Tuesday, February 17, 2009

Stimulus for Fishermen

Soon President Obama will plan to sign the much debated trillion dollar stimulus passage and many in the fishing world on the west coast can get excited. The plan has a proposed $45 million dollar package to remove fish barriers, in the form of dams, to allow salmon and steelhead trout to migrate up rivers and spawn uninterrupted as they once did.

Currently the west coast salmon fishery is shut down, losing $100 million annually. The fishing is not allowed because of the abysmal salmon population as a direct result of the dams in place on those western rivers they migrate up to lay their eggs.

The stimulus plan in the aspect allows those fish to return to where hey once thrived during the spawning season providing anglers opportunities to fish for huge numbers of migrating salmon and steelhead.

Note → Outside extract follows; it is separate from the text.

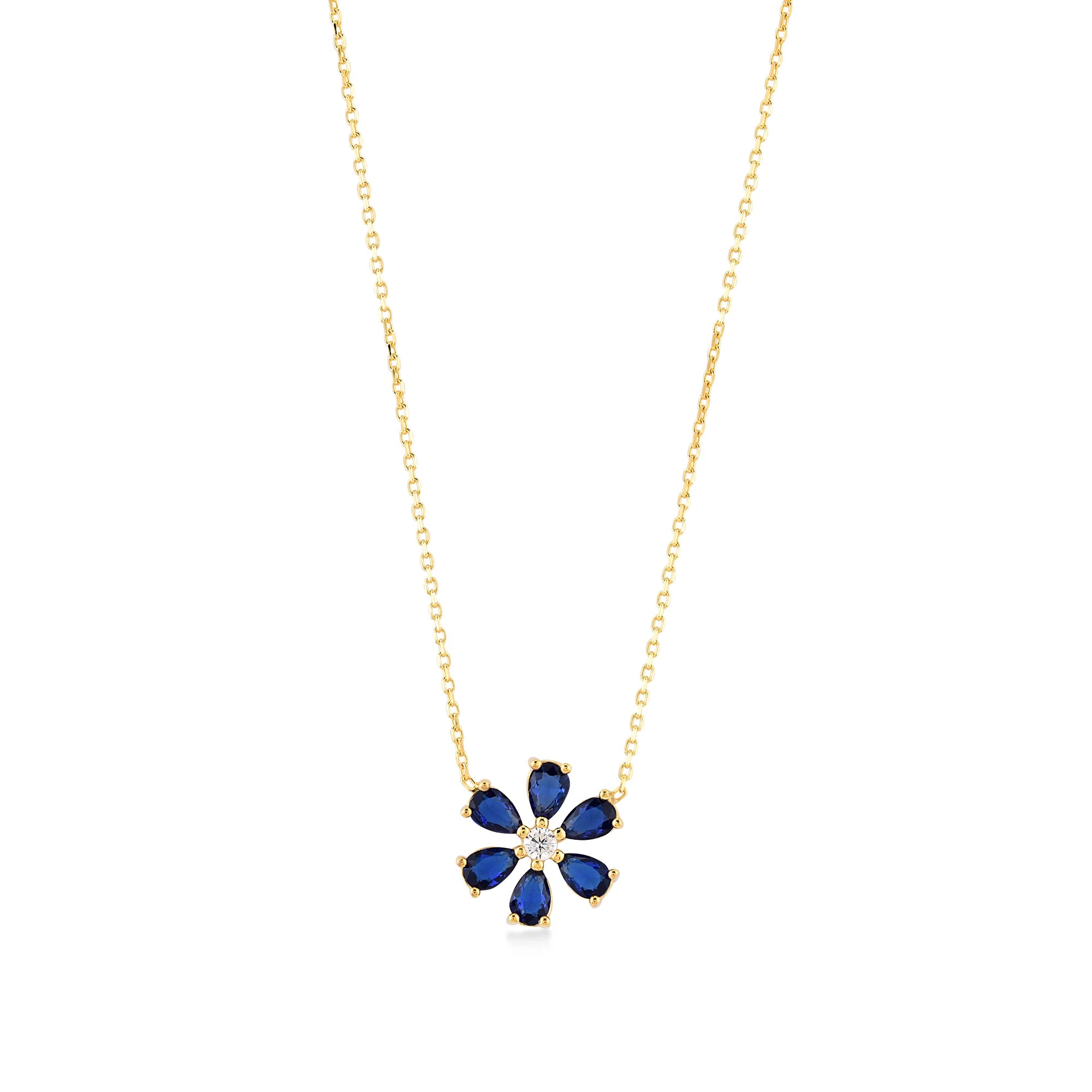 Sapphire Zirconia Drop Cut Daisy Necklace

When the fish are caught by anglers and kept, many people pay top dollar for the fish for uses like food and fertilizer for crops. The way in which it directly affects us anglers is by giving us a once revered fishing destination a face lift. There will most definitely be a resurgence in guides and fly shops in those areas as well as all types of businesses needed to support fisherman traveling to that particular river to fish.

Bob "Bamboo Bob" Clay said, "If you want to have the wonderful resource around forever then drastic measures must be done. Stocking farm raised stealhead disrupts the genetic code of the wild fish, so that is not the answer. The only answer is by developing the wild stock of fish to a sustainable level and removing certain dams does that."

All of these areas will be stimulated by the new proposed bill and will stand to see good salmon production in the future as a result keeping in mind commercial and recreational fisherman obey daily bag limits and regulations on how many fish are legally harvested.

Monday, February 2, 2009

Must We Fish?

To first begin the blog I am catering to those, like myself, who live in a rather flat and dry area of the country not conducive to trout fishing. Living in Oklahoma for the past 4 years of college has driven me to seek out fishing opportunities that are often a significant distance away. Before we venture to other more well known and glamorous trout rivers we must first examine what is close to home.

Beaver's Bend State Park in south eastern Oklahoma is home to the Lower Mountain Fork River. Oklahoma plus trout fishing is not a proper equation in most people's mind so prepare to stand corrected. The river emerges from the dam keeping back Broken Bow Lake as a tailwater with cold clear water, an ideal environment for trout to live. The Oklahoma Game and Fish Department stocks nearly 4000 trout every other Thursday, which is surprising to most people.
The river had something even bigger happen recently. The Dallas Fly Fishers Club raised $10,000 to donate for stream improvement which consists of placing boulders, stones, and other objects in the river to increase the level of oxygen in the water, which trout need to live.
With the river about a three hour drive from Oklahoma City as well as the Dallas/ Ft. Worth area the river sees a substantial amount of pressure. Do not be discouraged. The average fish stocked tends to be about 10-14 inches with some larger fish being the exception.

An avid Oklahoma fly fisherman, Patrick Gilbert, said, "I've always had a great time at the LMF. To catch trout in this part of the country is a treat!"

With all of this new found knowledge fly fisherman in this region can prepare for great weekend trips throughout the year. Located just outside Broken Bow, Okla. the Lower Mountain Fork is an excellent place to "wet a line."

Just ask the folks in Beavers Bend Fly Shop or at Three Rivers Fly Shop. Pack a 4 or 5 weight rod and all other essential gear. Make sure to bring an assortment of flies including pheasant tails, San Juan worms, egg patterns, wooley buggers, and some parachute adams if dry flies are your thing. All flies should be in the size 18-14 range.